In this blog I’ll show you how easy it is to get a small Grails app up and running on Cloud Foundry making use of a mysql service provided by Cloud Foundry. We’ll be using the Groovy & Grails Toolsuite (ggts) for this, but I’ll also show you the grails commands you can use to accomplish each individual step.


  • At the time of this blogpost I’m using ggts version 3.1.0.RELEASE based on Eclipse Juno 4.2.1, which can be downloaded right here;
  • ggts comes with a full Grails installation. To make use of command line grails commands outside of the IDE, set the following environment variables. If you’re an Ubuntu user like me, just add these two lines to your ~/.bashrc file:
    • export GRAILS_HOME=<ggts_home>/grails-2.1.1;
    • export PATH=$PATH:$GRAILS_HOME/bin;
  • Apply for a Cloud Foundry account right here. You’ll receive an email of approval which will contain your  password;
  • Enable Cloud Foundry Integration in ggts. Click the Extensions link on the Dashboard, scroll down to Cloud Foundry Integration for Eclipse and install it.
Screenshot from 2013-02-17 15:40:52
Cloud Foundry Integration for Eclipse

Building a simple Grails app

We’re gonna develop a very simple Grails app. Just enough for demonstration purposes. It’ll be an app that enables you to create notes and store them in a database. We’ll call it one-note.

Grails Project

Choose File > New > Grails Project and supply the project-name. Alternatively you could use the command line and type:

grails create-app one-note

There’s also a command line interface available in ggts itself (Navigate > Open Grails Command Prompt). All commands are available here (just ommit the grails prefix), except for the creation of an application.

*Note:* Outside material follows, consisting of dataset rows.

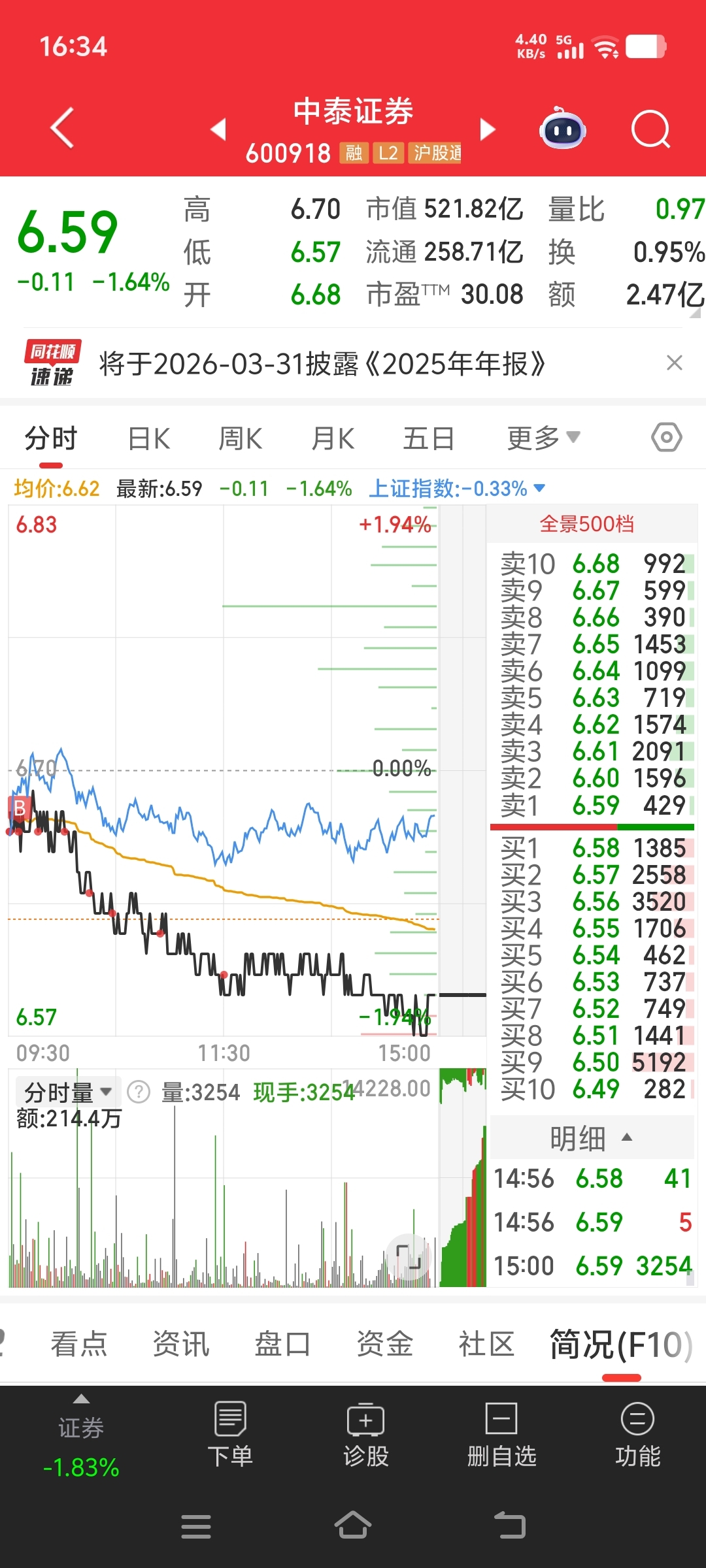 本来券商刚有点抬头的意思结果昨天来了提高保证金比率的事没办法中泰证券尾盘抛了一部
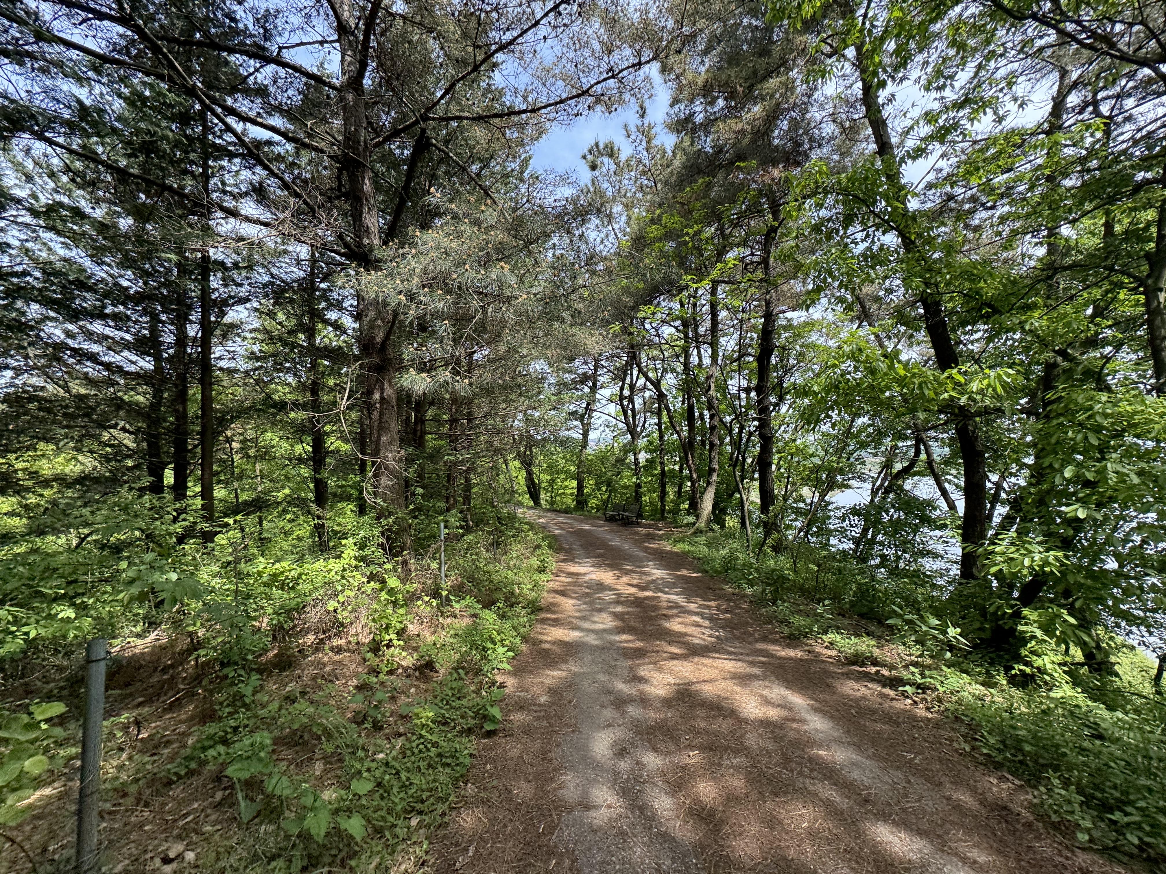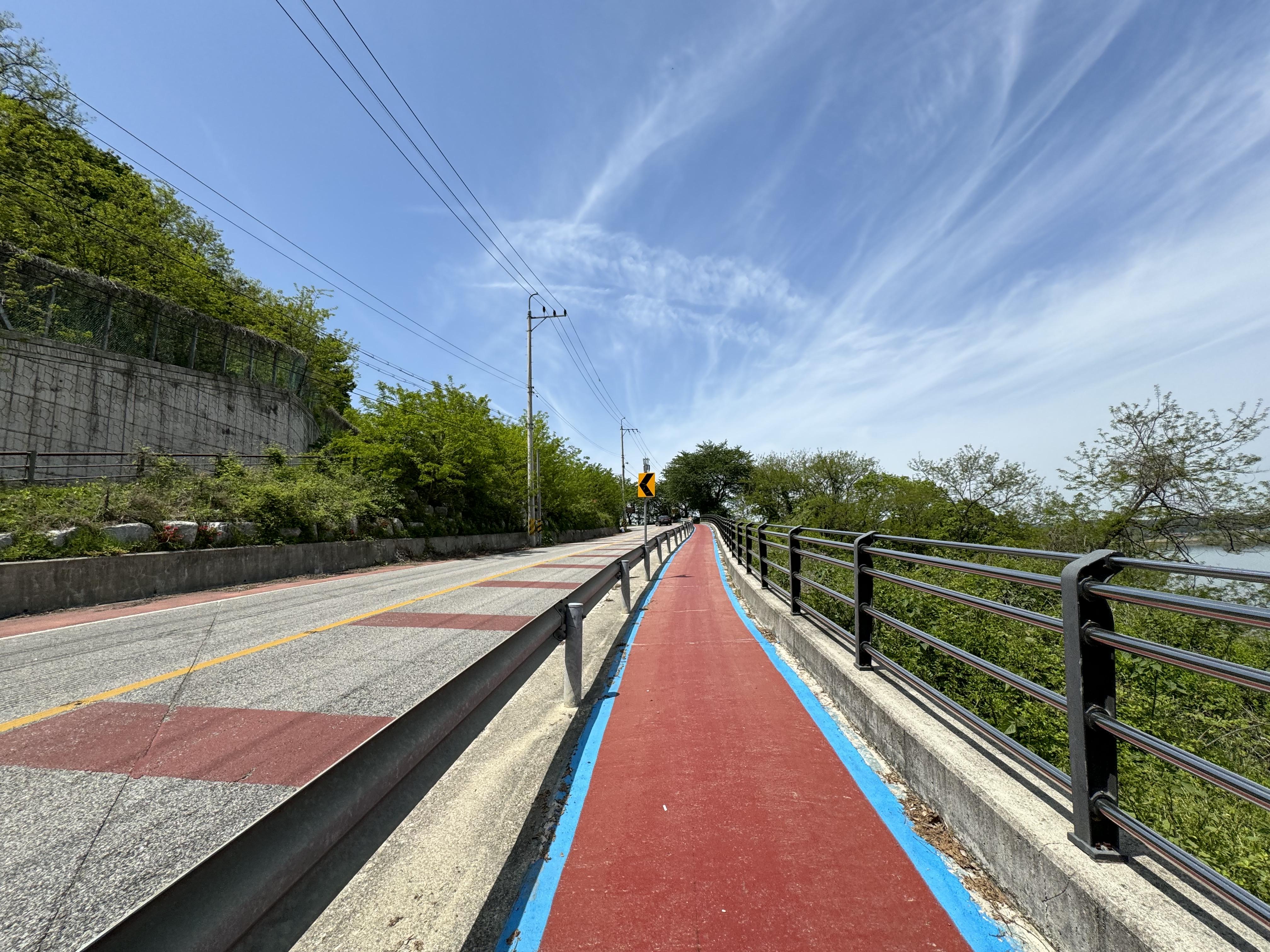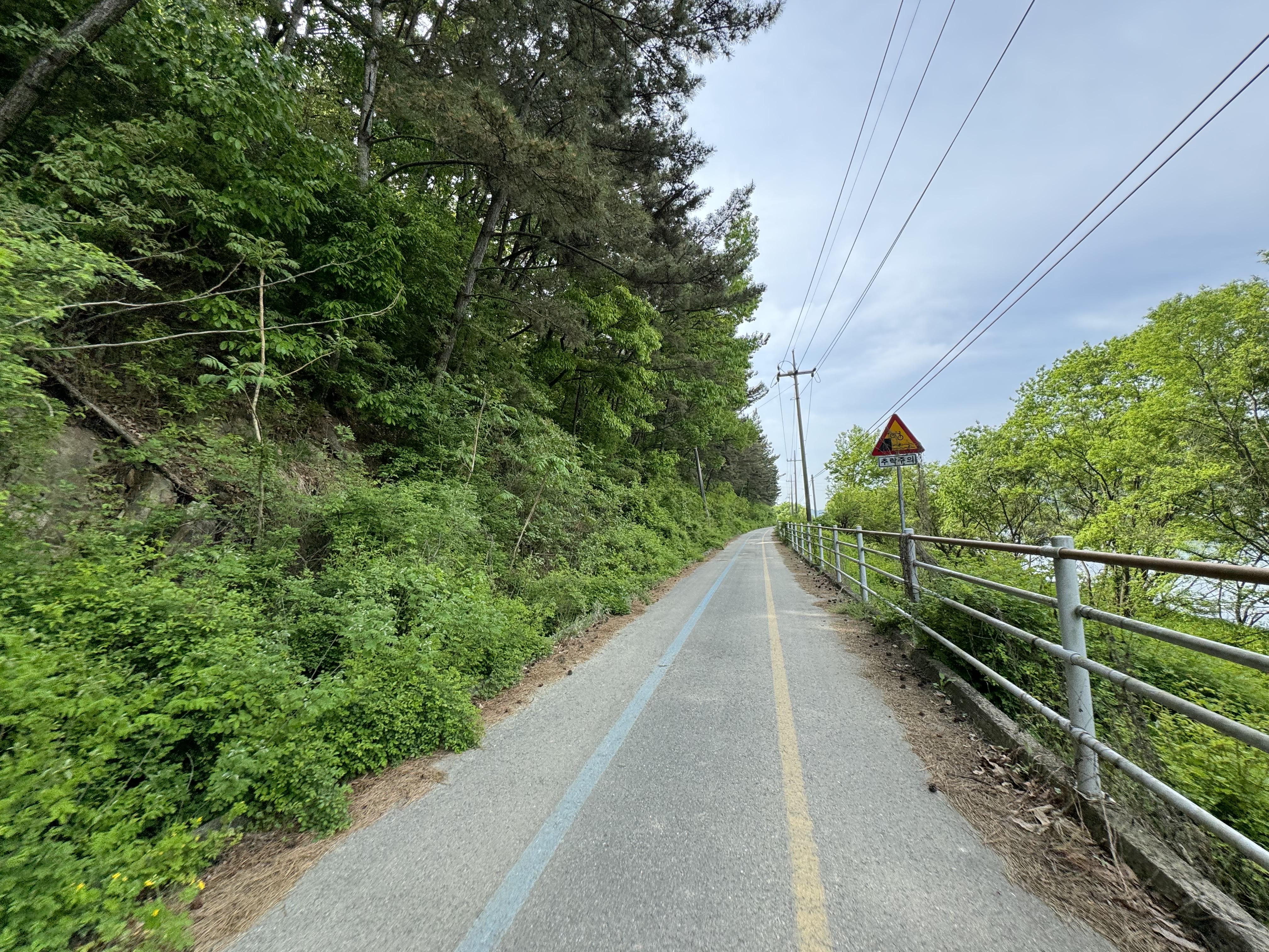 캠핑장을 떠나서 달리다보니 낮은 오르막이 나왔다. 이제 이 오르막을 넘으면 금강 종주에는 더 이상의 오르막은 없는 거니까 조금만 더 힘을 내서 넘어보기로 했다. 예전에 이 쪽 구간을 달렸을 때는 어두컴컴한 밤에 달렸더니 오르막이 있었는지 없었는지도 몰랐는데 이렇게 낮에 와보니 확실하게 오르막이 있었다.
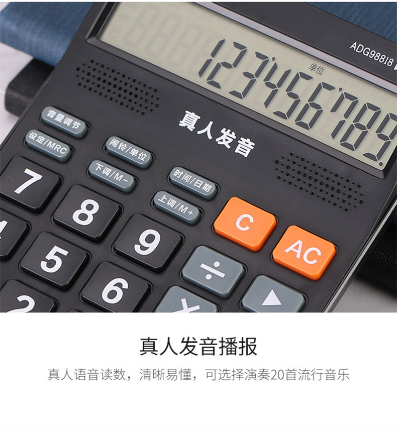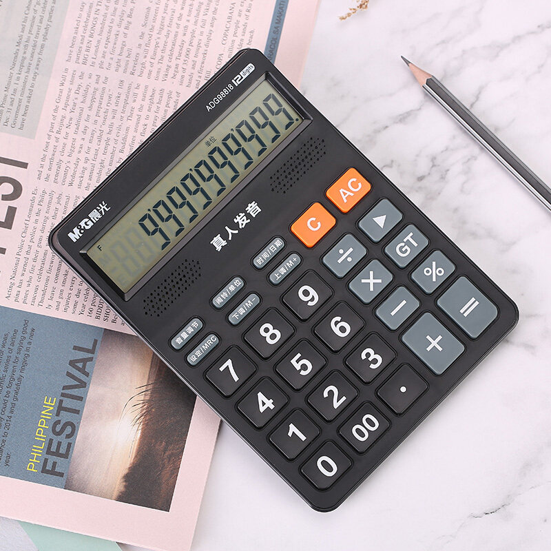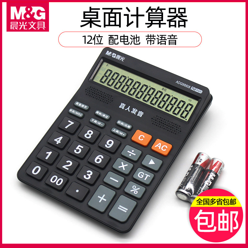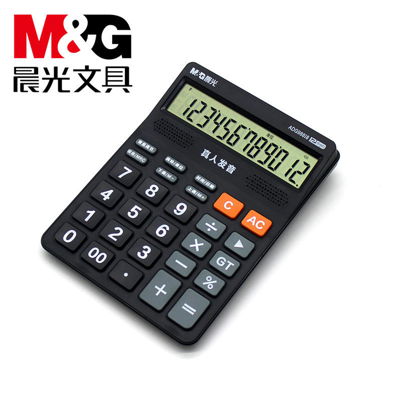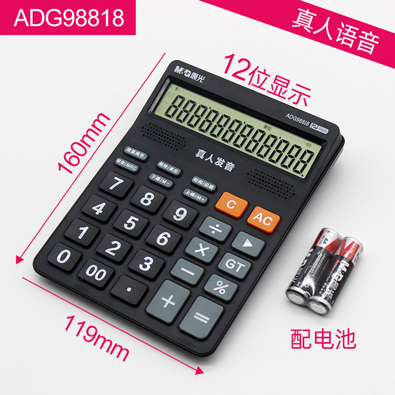 M & G/Chenguang ADG98818 Голосовой калькулятор офисной канцелярский кальцлер черный голосовой калькулятор 818 Номер зарядки Настольный студент -студент/офис Universal 12 Большой экран калькулятор
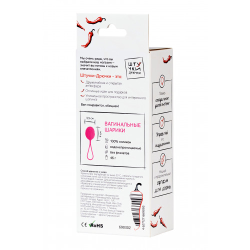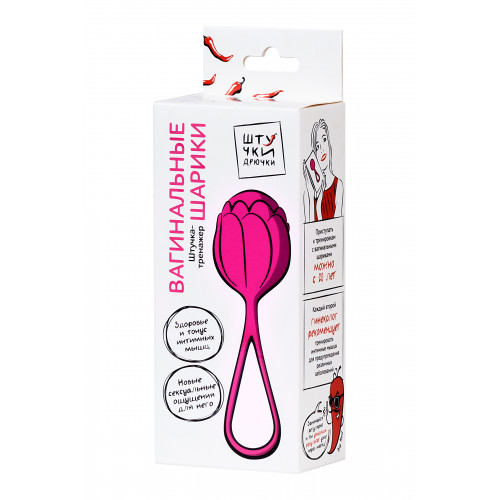 Я - вагинальный шарик «Штучки-Дрючки», лучший тренажер для интимных мышц. Я полностью состою из медицинского силикона, поэтому тренироваться со мной не только удобно, но и безопасно. У меня смещен центр тяжести, что позволяет проводить тренировки с большей эффективностью. Я легко составлю тебе компанию дома во время уборки и даже в офисе во время скучного совещания. Всего за пару месяцев ты укрепишь интимные мышцы и сделаешь их более упругими, а в качестве бонуса получишь умопомрачительный секс и огромное количество оргазмов. Для более комфортного использования рекомендуем приобрести специальный гель для вумбилдинга (фитнеса интимных мышц) Intim Fitness для женщин 50 гр и очищающий спрей Clear Toy 100 мл.
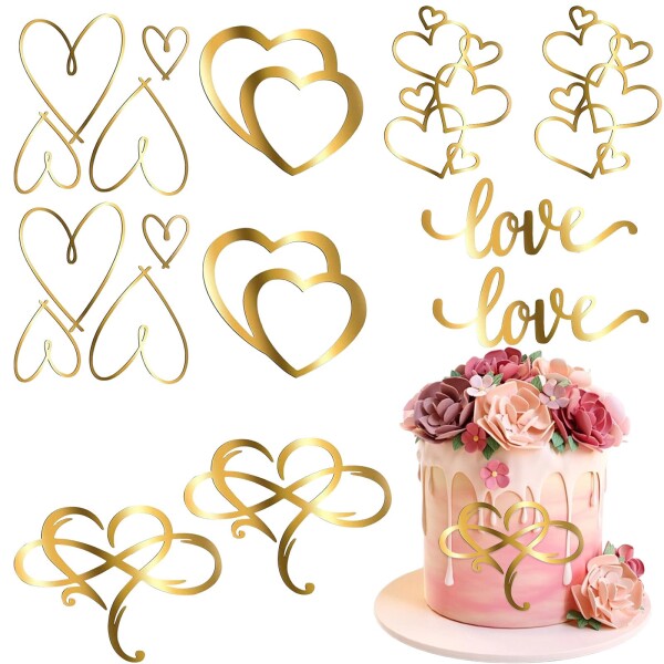 【ハート ケーキトッパー】おしゃれなハート型のケーキ飾りです。種類が豊富で、ゴールドの色は非常に明るくて、ケーキも一気にキラキラして、華やかに変身!

Screenshot from 2013-02-24 16:54:11
Grails Command Prompt

Domain Class

Choose File > New > Domain Class and name it Note. The Note.groovy domain class will be created for you. You can also create the class via this command line:

grails create-domain-class note

Add two simple fields to the domain class, so it looks like this:

package one.note

class Note {

    String content
    Date dateCreated

    static constraints = {

The dateCreated is a standard field which will be supplied for by the Grails framework, the content field will contain the actual note.


Choose File > New > Controller and name it NoteController. The NoteController.groovy controller will be created for you. The equivalent command would be

grails create-controller note

Add scaffolding and reroute the index action to the list action. Your controller should now look like this

package one.note

class NoteController {

    def scaffold = true

    def index() {

Testdrive the application

That’s basically all we need to run the application locally and make use of an in-memory hsqldb. Select Run > Run As > Grails Command (run-app), and point your browser to http://localhost:8080/one-note and you’re good to go. Select the NoteController in the Overview page, create some notes and your application should resemble the picture below.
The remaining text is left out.